◆ WHAT YOU ARE ASKED TO DO ◆
Below are entries; repeat exactly, and nothing else, the lines from the one holding "Unser aktueller Wochenmenüplan" through the one holding "The Alemais Leela", inclusive. Leave the pictures out.

◆ THE DATA ◆
——

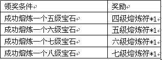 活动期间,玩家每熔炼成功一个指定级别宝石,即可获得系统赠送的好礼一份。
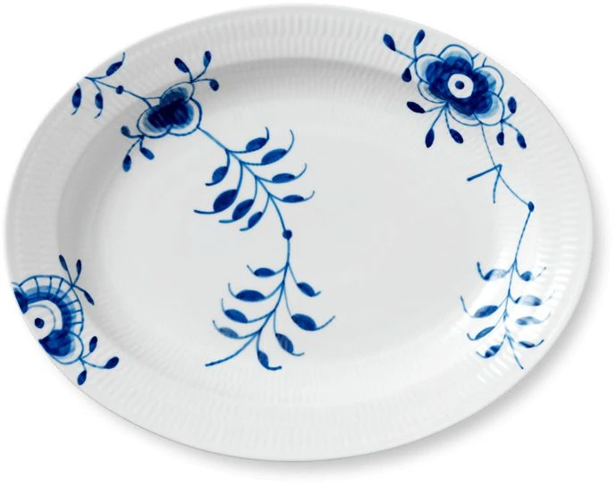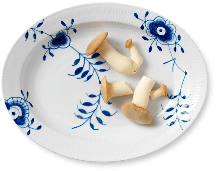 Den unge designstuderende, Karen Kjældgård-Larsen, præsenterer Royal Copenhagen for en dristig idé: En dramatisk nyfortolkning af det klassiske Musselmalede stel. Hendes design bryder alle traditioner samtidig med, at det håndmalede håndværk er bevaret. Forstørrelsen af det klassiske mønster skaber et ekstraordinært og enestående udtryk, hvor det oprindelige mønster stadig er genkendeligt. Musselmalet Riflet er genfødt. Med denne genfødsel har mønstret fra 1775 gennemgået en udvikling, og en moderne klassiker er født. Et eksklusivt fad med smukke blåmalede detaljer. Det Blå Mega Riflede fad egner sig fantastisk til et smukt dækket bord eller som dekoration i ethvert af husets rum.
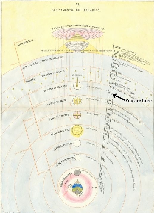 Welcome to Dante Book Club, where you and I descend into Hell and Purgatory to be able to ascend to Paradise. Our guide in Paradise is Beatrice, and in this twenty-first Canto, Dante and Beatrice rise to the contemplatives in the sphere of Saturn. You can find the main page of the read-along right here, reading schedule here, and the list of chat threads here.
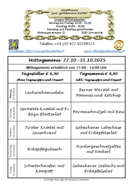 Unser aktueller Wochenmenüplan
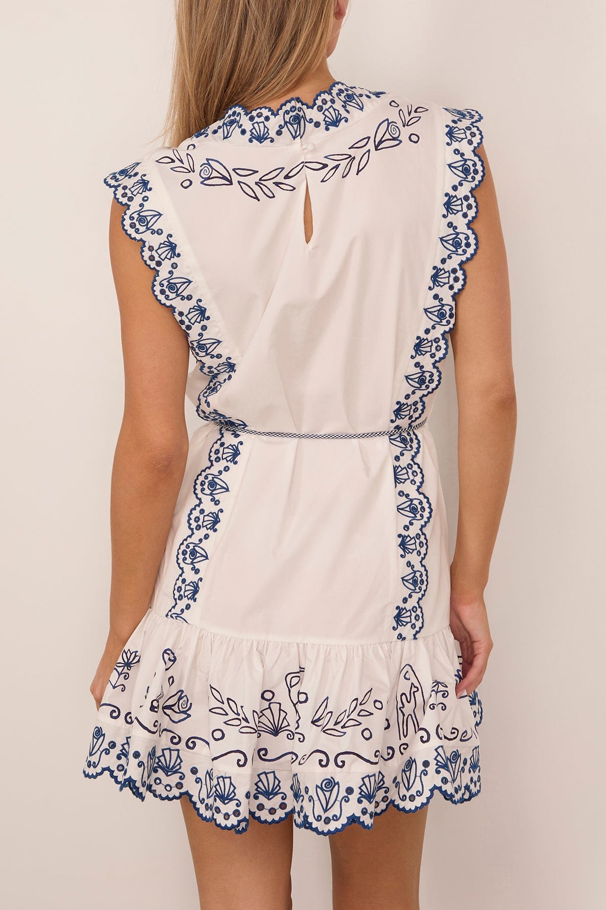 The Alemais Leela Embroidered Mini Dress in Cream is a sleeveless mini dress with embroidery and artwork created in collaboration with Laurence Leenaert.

——

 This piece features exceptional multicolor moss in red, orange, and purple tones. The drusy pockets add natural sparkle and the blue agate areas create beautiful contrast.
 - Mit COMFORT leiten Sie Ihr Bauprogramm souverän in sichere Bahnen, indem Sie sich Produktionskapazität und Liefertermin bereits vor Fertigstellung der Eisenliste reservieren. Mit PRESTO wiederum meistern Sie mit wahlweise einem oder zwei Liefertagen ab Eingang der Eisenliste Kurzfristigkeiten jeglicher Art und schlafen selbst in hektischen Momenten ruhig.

——

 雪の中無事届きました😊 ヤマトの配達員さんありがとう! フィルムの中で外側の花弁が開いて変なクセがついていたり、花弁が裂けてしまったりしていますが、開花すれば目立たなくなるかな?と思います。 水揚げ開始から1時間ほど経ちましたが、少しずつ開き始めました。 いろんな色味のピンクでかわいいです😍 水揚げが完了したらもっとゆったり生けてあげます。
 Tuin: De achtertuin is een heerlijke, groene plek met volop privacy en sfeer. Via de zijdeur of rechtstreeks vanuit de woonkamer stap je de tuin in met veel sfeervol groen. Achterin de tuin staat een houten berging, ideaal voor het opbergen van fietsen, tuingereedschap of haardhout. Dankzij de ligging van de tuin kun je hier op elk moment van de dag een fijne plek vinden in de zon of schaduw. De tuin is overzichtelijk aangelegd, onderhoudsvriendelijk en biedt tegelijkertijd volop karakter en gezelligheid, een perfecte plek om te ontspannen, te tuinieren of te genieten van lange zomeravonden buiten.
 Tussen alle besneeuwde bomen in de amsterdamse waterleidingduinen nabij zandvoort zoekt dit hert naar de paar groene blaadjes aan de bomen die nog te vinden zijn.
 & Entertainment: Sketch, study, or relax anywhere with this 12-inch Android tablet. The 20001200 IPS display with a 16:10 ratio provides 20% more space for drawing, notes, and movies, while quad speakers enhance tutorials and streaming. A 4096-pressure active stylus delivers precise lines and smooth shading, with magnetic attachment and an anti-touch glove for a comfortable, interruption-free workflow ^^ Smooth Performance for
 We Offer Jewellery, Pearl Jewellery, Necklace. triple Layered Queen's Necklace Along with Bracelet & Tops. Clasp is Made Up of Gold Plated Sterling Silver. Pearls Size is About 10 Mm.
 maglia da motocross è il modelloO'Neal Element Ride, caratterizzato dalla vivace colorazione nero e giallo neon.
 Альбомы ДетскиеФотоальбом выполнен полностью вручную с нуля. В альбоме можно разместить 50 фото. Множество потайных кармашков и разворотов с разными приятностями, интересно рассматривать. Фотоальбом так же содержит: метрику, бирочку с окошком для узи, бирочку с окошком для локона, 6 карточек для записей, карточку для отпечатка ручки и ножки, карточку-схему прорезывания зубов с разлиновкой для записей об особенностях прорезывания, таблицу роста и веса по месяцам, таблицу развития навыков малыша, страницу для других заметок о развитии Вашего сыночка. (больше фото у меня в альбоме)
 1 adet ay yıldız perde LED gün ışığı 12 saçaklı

——

◆ OUTPUT OF THE TASK ◆
 Unser aktueller Wochenmenüplan
 The Alemais Leela Embroidered Mini Dress in Cream is a sleeveless mini dress with embroidery and artwork created in collaboration with Laurence Leenaert.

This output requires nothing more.